On the other hand, check this out:
OMG. Republicans weaponize Elizabeth Warren, aim her at Hillary, score reactor core hit. #womprat https://t.co/pixHt3XlI9 h/t @instapundit
— ClarkHat (@ClarkHat) February 23, 2015
But it was the Democrats who weaponized Hillary Clinton — and her supporters — in 2008 by throwing every smear at her imaginable to pave the way for Obama’s coronation. Just wait ’til all of that source material is repurposed in the run-up to 2016.

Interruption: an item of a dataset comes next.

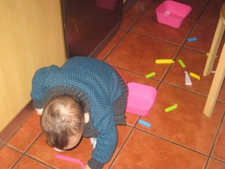 Mini em ação em janeiro 23, 2015 Obter link Facebook X Pinterest Email Outras aplicações Brincar com os plásticos. Brincar com as pegas. As molas dos sacos são dos seus brinquedos favoritos, passa-as de umas caixas para outras. Desarrumar as revistas e voltá-las a pôr no lugar. Comer cereais com as colheres da salada. Comentários

Update: “Thank The Left For Presidential Candidate Scott Walker,” Brandon Finnigan adds at the Federalist, with a look back at how Walker won what were in essence near annual re-election bids in Wisconsin thanks to the crazed leftists and government unions there:
Had the Democrats not targeted Walker with a recall, that massive fundraiser network, the national profile, the party unity, and his highly developed get-out-the-vote team almost certainly wouldn’t exist. He may have still won re-election, but he would be just another Midwestern Republican governor who enacted reforms and faced push-back, not the conservative folk hero of a party longing for a win. He would most likely resemble Michigan Gov. Rick Snyder, a reformer but hardly a man with a cult following. There would still be plenty of new problems with the governor his opposition could cite, instead of leaving him mostly vetted for 2016.
They shot the king and missed, making a balding, sleepy-eyed executive into a god among a growing horde of followers. That’s bad enough for the Progressive set. In the unlikely event he wins the Republican nomination and the presidency? They struck the match that ignited their own national hell.
And we’ve seen over the past week, the leftwing media still can’t put an end to their own pyromania.